A.10 Goal 10 - Restoration of Contaminated Sites

      Places in America currently contaminated by hazardous or radioactive
      materials will not endanger public health and the natural environment and
      will be restored to uses desired by surrounding communities.

      This section is very idealistic.  Part of the reason for success is that some of the
sites have finally been cleaned after regulatory and legal delays.  The Agency should be
pleased with this forward movement.  However, many sites require complex remediation
planning, exposure evaluations and land use options.  In some cases, national security
or other interests prevent sites from being restored to uses desired by surrounding
communities (e.g., DOE plutonium waste disposal sites may be maintained because
there is no way to treat the wastes and no other place to place them). Flexibility is
needed to obtain creative solutions on clean-up objectives and land use.  This will
address prioritization for contaminant removal or "in situ" capsulation or treatment and
to solve the additional problems caused by the persistence of some radioactive wastes.

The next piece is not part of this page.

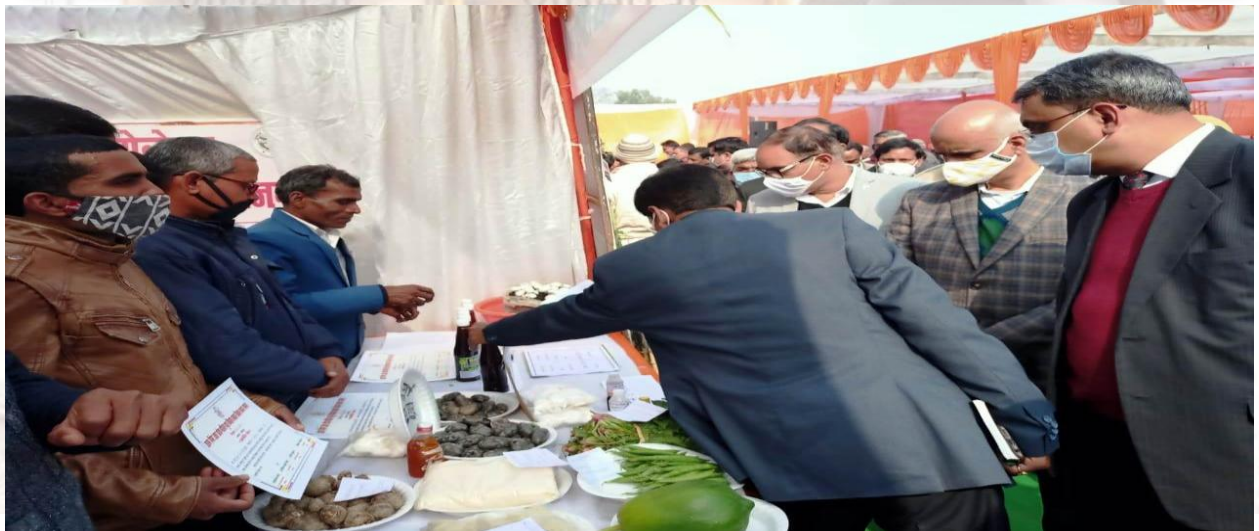
District Administration and distinguish dignitary's considered their products during U P Diwas

      The first paragraph of "the challenge" states that radioactive wastes are "highly
toxic" and can persist in the environment for "thousands of years." The use of the term
"highly toxic" is meaningless without a statement regarding compared to what and
conditioned on its complement of radionuclides and their concentrations.  A safer
statement would be something like "can increase cancer risks for exposed persons."
The persistence of radionuclides is highly variable, but they can persist for billions of
years. The metals in hazardous wastes are infinitely persistent. The intent of this whole
sentence should be revisited and the sentence revised.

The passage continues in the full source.